Material provided:
# # # #
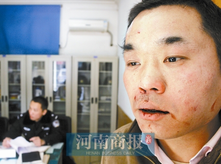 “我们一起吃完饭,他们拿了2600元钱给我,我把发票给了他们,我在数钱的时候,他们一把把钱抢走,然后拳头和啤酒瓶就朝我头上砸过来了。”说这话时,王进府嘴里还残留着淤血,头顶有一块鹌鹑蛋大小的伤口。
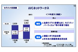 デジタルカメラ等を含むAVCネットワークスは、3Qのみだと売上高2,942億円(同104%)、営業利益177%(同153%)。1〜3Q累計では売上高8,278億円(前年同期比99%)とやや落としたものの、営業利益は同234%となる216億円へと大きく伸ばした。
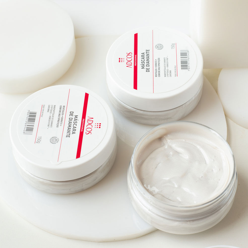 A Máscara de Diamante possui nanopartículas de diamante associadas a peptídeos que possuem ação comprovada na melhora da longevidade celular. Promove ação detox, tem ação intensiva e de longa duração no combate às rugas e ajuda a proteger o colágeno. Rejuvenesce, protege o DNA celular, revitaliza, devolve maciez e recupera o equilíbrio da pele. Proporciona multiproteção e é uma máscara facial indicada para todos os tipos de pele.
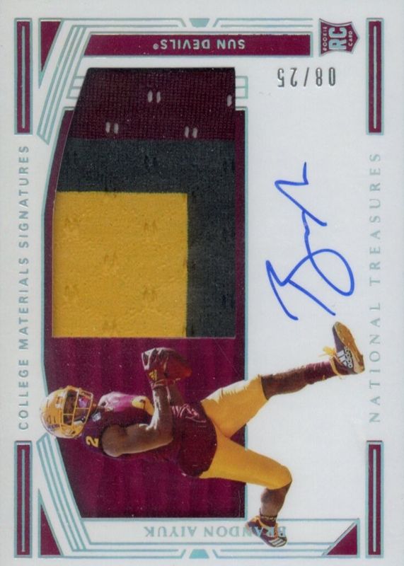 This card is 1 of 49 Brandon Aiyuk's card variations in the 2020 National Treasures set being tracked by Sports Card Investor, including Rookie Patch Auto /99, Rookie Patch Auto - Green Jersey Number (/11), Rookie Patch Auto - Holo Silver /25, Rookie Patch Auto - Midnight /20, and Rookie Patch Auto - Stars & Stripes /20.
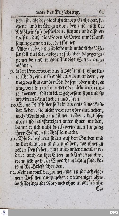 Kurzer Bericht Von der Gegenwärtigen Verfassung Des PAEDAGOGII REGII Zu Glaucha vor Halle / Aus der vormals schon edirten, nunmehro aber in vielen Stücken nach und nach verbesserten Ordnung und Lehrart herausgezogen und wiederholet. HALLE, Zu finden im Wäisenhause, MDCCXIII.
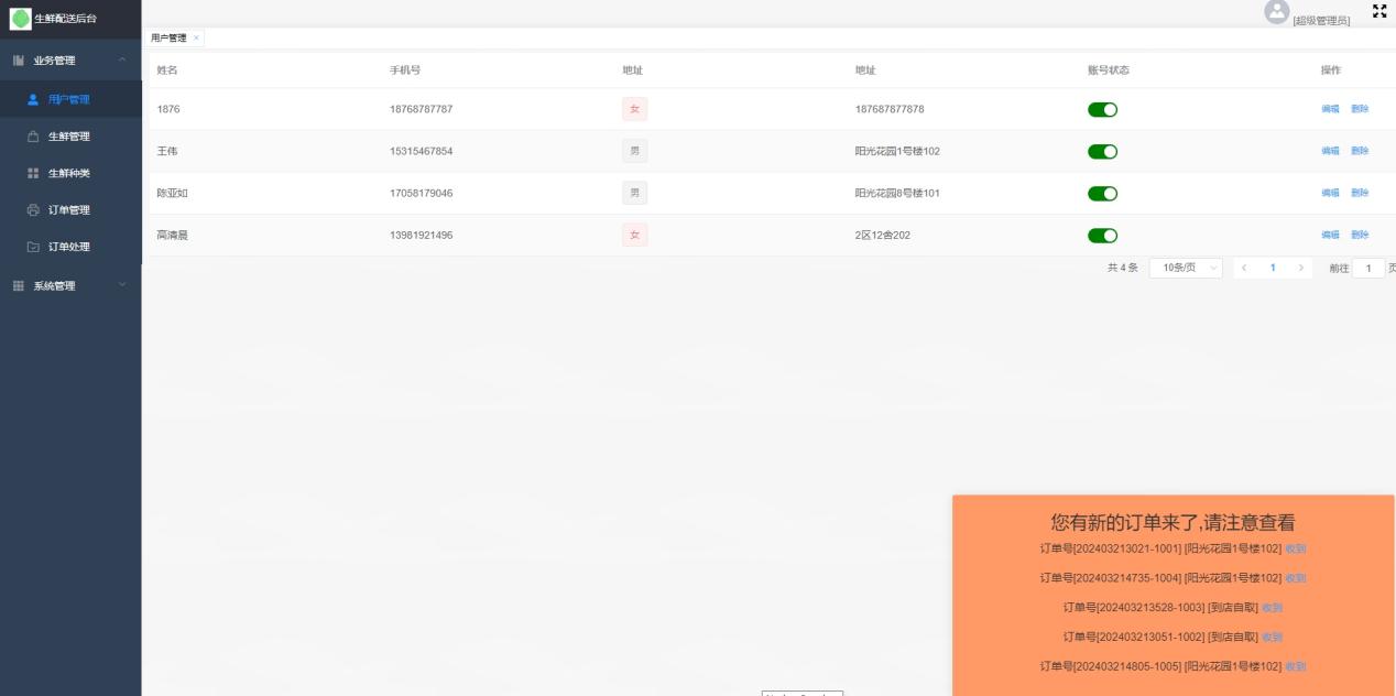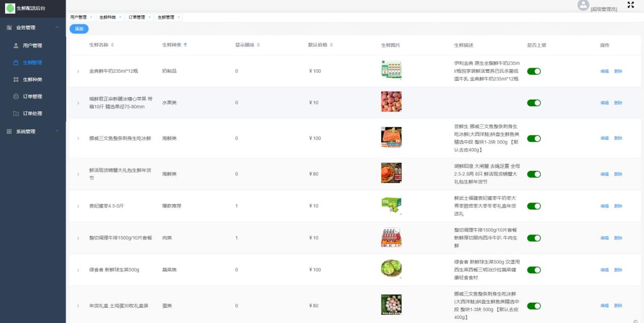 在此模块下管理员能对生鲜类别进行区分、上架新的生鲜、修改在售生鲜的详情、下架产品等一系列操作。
# # # #
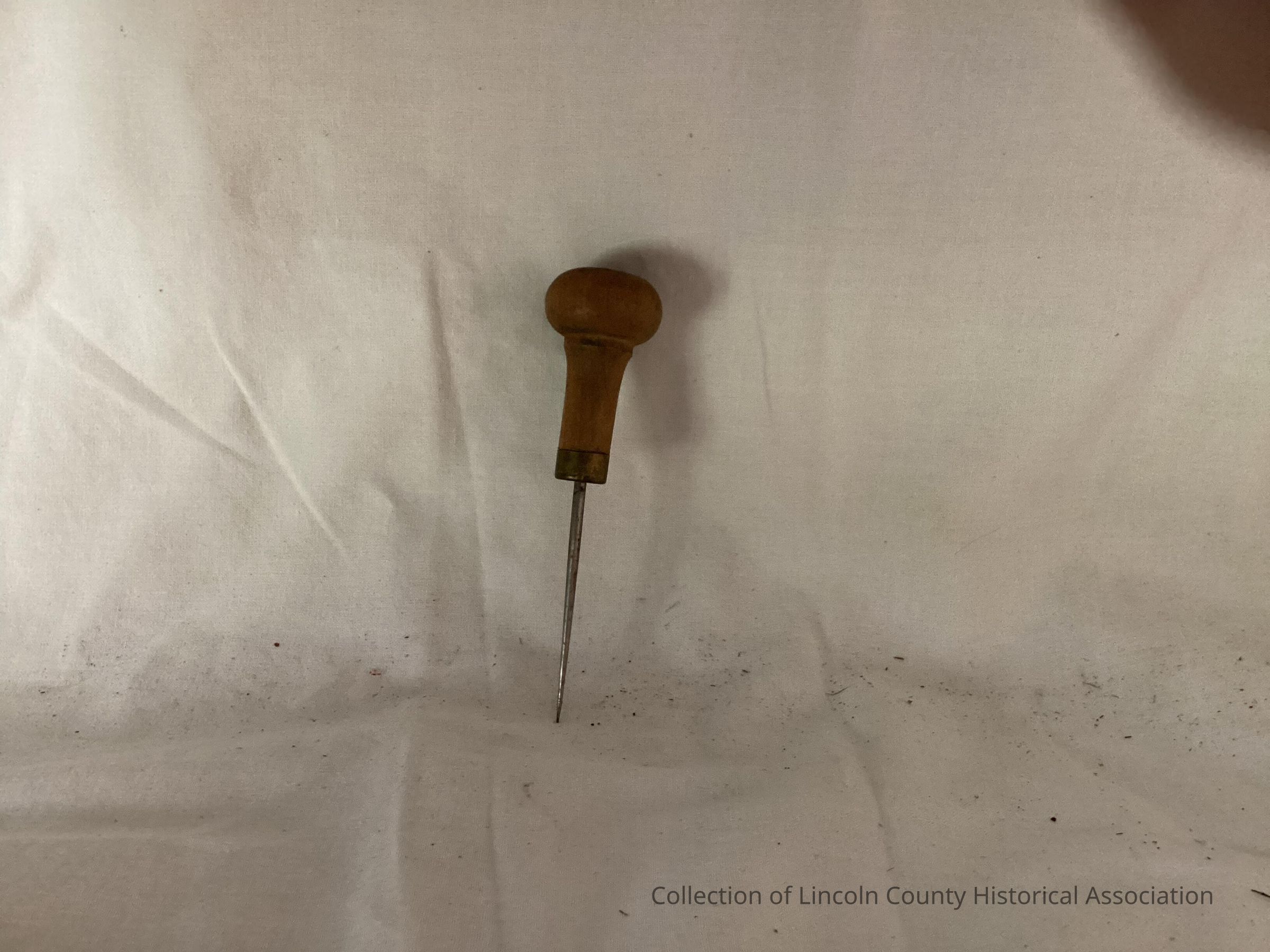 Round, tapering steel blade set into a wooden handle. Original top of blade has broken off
# # # #
Work instructions:
Leave the pictures out, and transcribe exactly the lines above starting at the one that contains "Kurzer Bericht Von" and ending at the one that contains "在此模块下管理员能对生鲜类别".

Result of the exercise:
 Kurzer Bericht Von der Gegenwärtigen Verfassung Des PAEDAGOGII REGII Zu Glaucha vor Halle / Aus der vormals schon edirten, nunmehro aber in vielen Stücken nach und nach verbesserten Ordnung und Lehrart herausgezogen und wiederholet. HALLE, Zu finden im Wäisenhause, MDCCXIII.
 在此模块下管理员能对生鲜类别进行区分、上架新的生鲜、修改在售生鲜的详情、下架产品等一系列操作。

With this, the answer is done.